Can you send me your public key privately at dstocco@cern.ch ?
I’ll add it to the flp so that you can connect (and provide the hostname).
So we found a way to reproduce the problem. If the login happens as follows
ssh root@flpmid
su - flp
everything is alright, and more specifically ulimit -l correctly reports the PDA enforced value which is unlimited and the ReadoutCard library works.
If the login happens like this
ssh flp@flpmid
the env is different to the one before. Moreover ulimit -l incorrectly reports 64, the default value, which causes the issues encountered above.
This points to some issue with the SSH login that has not been previously reported on FLP setups. Scouting the internet, issues wrt PAM authentication come up. Interestingly, the SSHD status also reports a PAM issue.
[flp@flpmid ~] systemctl status sshd
● sshd.service - OpenSSH server daemon
Loaded: loaded (/usr/lib/systemd/system/sshd.service; enabled; vendor preset: enabled)

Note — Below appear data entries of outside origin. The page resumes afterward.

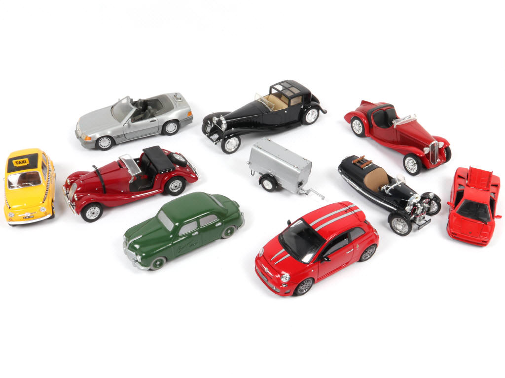 différentes échelles & compositions - avec manques & parties cassées - on y retrouve notamment les marques : SOLIDO, WELLY, MONDO MOTORS, POLISTIL, BBURAGO & MAISTO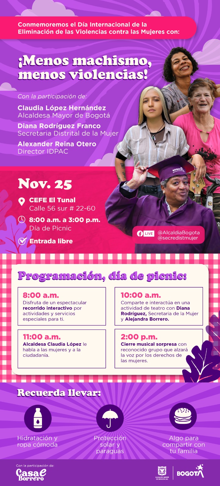 En esta oportunidad, Bogotá levantará la voz para rechazar cualquier forma de violencia contra las mujeres en un evento que reúne diferentes actividades para compartir en familia: entre ellas disfrutar de un picnic al aire libre, talleres para la eliminación del machismo y se podrá presenciar una puesta en escena con Alejandra Borrero y el gran homenaje musical a las mujeres que han sido víctimas de violencias.
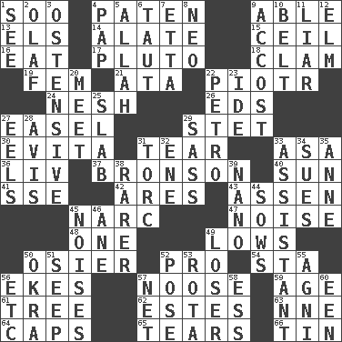 ACROSS 1. "Barney Miller" actor Jack 4. Eucharist need 9. Competent 13. Raised railways 14. Having winglike extensions 15. To provide with a ceiling 16. Erode 17. Greek god of the underworld 18. Burrowing marine mollusk 19. Opposite of masc. 21. "One Day ___ Time" 22. Peter (Polish) 24. Soft 26. Begley and Asner 27. Artist's stand 29. Proofreading order 30. Webber/Rice musical 31. Pull apart 33. White ___ sheet 36. 54 in ancient Rome 37. "Death Wish" actor 40. Player for Phoenix 41. Compass dir. 42. Ancient Greek god of war 43. NE Netherlands city 45. Drug cop 47. Annoying sound 48. Single 49. Coldest temperatures 50. Flexible twig of a willow tree 52. Adept person 54. R.R. building 56. Supplements with great effort 57. Trap for birds or small mammals 59. Personal question 61. Relationship diagram 62. _____ Park, CO 63. Compass dir. 64. Balmoral and tarboosh 65. Pulls apart 66. Metal container DOWN 1. Observe 2. Norwegian king 3. Clearly or manifestly demonstrative 4. Infant food 5. Assad's deity 6. Drawn tight 7. Singer James 8. Modern: prefix 9. Buttonhole 10. Waist strap 11. One who doesn't tell the truth 12. Shade tree 20. Rendezvous 22. Stone: prefix 23. Binary compound 25. Broad, flat, thick piece 27. Snakelike fish 28. Deliberation 29. Backtalk 31. Torque (variant) 32. Compass dir. 33. Helper 34. Takes to court 35. Singer Murray 38. Less widely known 39. Billionth: prefix 44. Sty mamas 45. Annoying sounds 46. One (Scot) 49. Failure 50. Gumbo ingredient 51. Ooze 52. Airs 53. Round or rotation of duties 55. Hindu god of fire 56. And so on (abbr.) 57. Fish or hair follower 58. Double-curved letter 60. Car or cant ending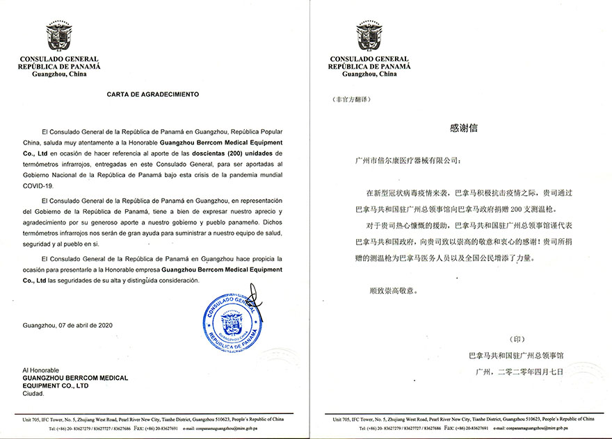 信中提到,倍爾康捐贈(zèng)的非接觸式紅外體溫計(jì)將為巴拿馬醫(yī)務(wù)人員及全國(guó)公民增添力量。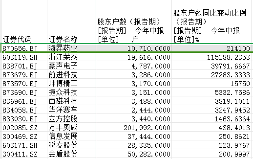 上半年,5家公司股东户数分别为10710户、19616户、4787户、3286户、3170户,同比变动比例分别高达214100%、115288.24%、39791.67%、27283.33%、15750%。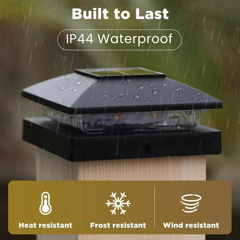 [Weater Resistant] Solar outdoor lights for fence and deck is made of IP44 waterproof material, which can endure high temperature, heavy rain, wind and snow. Whenever night falls, the waterproof solar powered fence post lights will automatically light up rain or shine.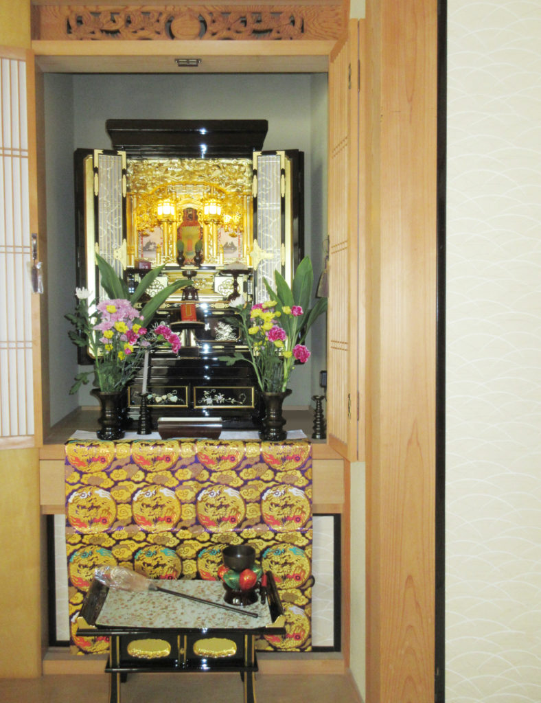 お仏壇ご契約いただき、ありがとうございます。浄土真宗の専用のお仏壇が金仏壇なんですよとお話をさせていただき、金仏壇をゆっくり見て、ご予算と相談されて、このお仏壇に決めてくださいました。ご縁をいただき本当にありがとうございます。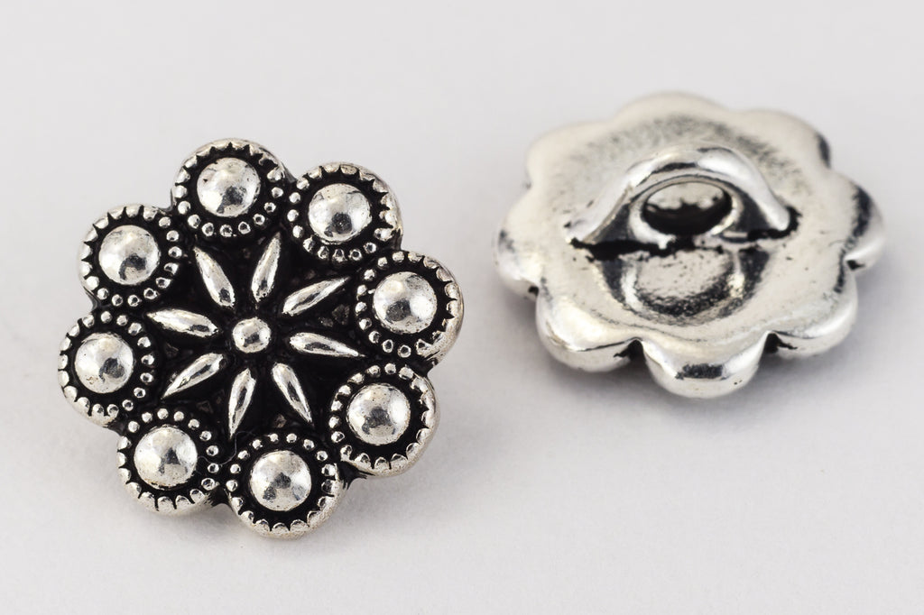 12.25mm antique silver Czech style rosette pewter button with 2.2mm shank on back. Measures 4.75mm high.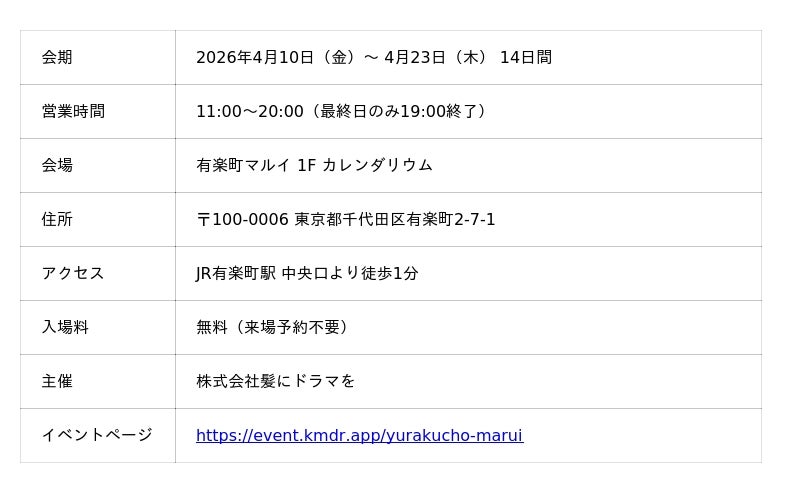 髪の質感にこだわる美容室発のヘアケアメーカー「髪にドラマを。」(本社:大阪府大阪市、代表取締役:川畑賢太)は、2026年4月10日(金)から4月23日(木)までの14日間、有楽町マルイにて、ポップアップストアを開催いたします。
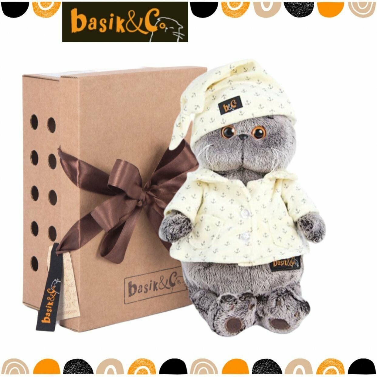 Мягкая игрушка 22 см Basik&Co в подарочной коробке - Кот Басик в пижаме

Active: active (running) since Wed 2020-11-18 12:46:10 CET; 2 days ago
Docs: man:sshd(8)
man:sshd_config(5)
Main PID: 3208 (sshd)
Tasks: 24
CGroup: /system.slice/sshd.service
├─ 3208 /usr/sbin/sshd -D
├─155958 sshd: flp [priv]
├─155961 sshd: flp@pts/1
├─155963 -bash
├─156195 dbus-launch --autolaunch 72549b562c264f7e8a7ea44c69b15fca --binary-syntax --close-stderr
├─156196 /usr/bin/dbus-daemon --fork --print-pid 5 --print-address 7 --session
├─161615 sshd: root@pts/3
├─161677 -bash
├─181893 sshd: root@pts/4
├─181917 -bash
├─194160 sshd: root@pts/2
├─194177 -bash
├─194824 sshd: flp [priv]
├─194827 sshd: flp@pts/5
├─194829 -bash
├─194969 bash -i
├─196257 sshd: flp [priv]
├─196265 sshd: flp@pts/0
├─196266 -bash
├─196729 sshd: [accepted]
├─196730 sshd: [net]
├─196871 sshd: [accepted]
├─196873 sshd: [net]
└─196972 systemctl status sshd
Nov 20 16:44:28 flpmid sshd[196890]: WARNING: 'UsePAM no' is not supported in Red Hat Enterprise Linux and may cause several problems.
Nov 20 16:44:28 flpmid sshd[196890]: error: Could not load host key: /etc/ssh/ssh_host_dsa_key
Nov 20 16:44:28 flpmid sshd[196890]: Connection from 137.74.173.182 port 39496 on 154.114.23.2 port 22
Nov 20 16:44:29 flpmid sshd[196890]: reprocess config line 47: Deprecated option RSAAuthentication
Nov 20 16:44:29 flpmid sshd[196890]: Invalid user ranjit from 137.74.173.182 port 39496
Nov 20 16:44:29 flpmid sshd[196890]: input_userauth_request: invalid user ranjit [preauth]
Nov 20 16:44:29 flpmid sshd[196890]: error: Could not get shadow information for NOUSER
Nov 20 16:44:29 flpmid sshd[196890]: Failed password for invalid user ranjit from 137.74.173.182 port 39496 ssh2
Nov 20 16:44:30 flpmid sshd[196890]: Received disconnect from 137.74.173.182 port 39496:11: Bye Bye [preauth]
Nov 20 16:44:30 flpmid sshd[196890]: Disconnected from 137.74.173.182 port 39496 [preauth]
Hint: Some lines were ellipsized, use -l to show in full.
I leave this to the system administrators in charge of the MID FLP.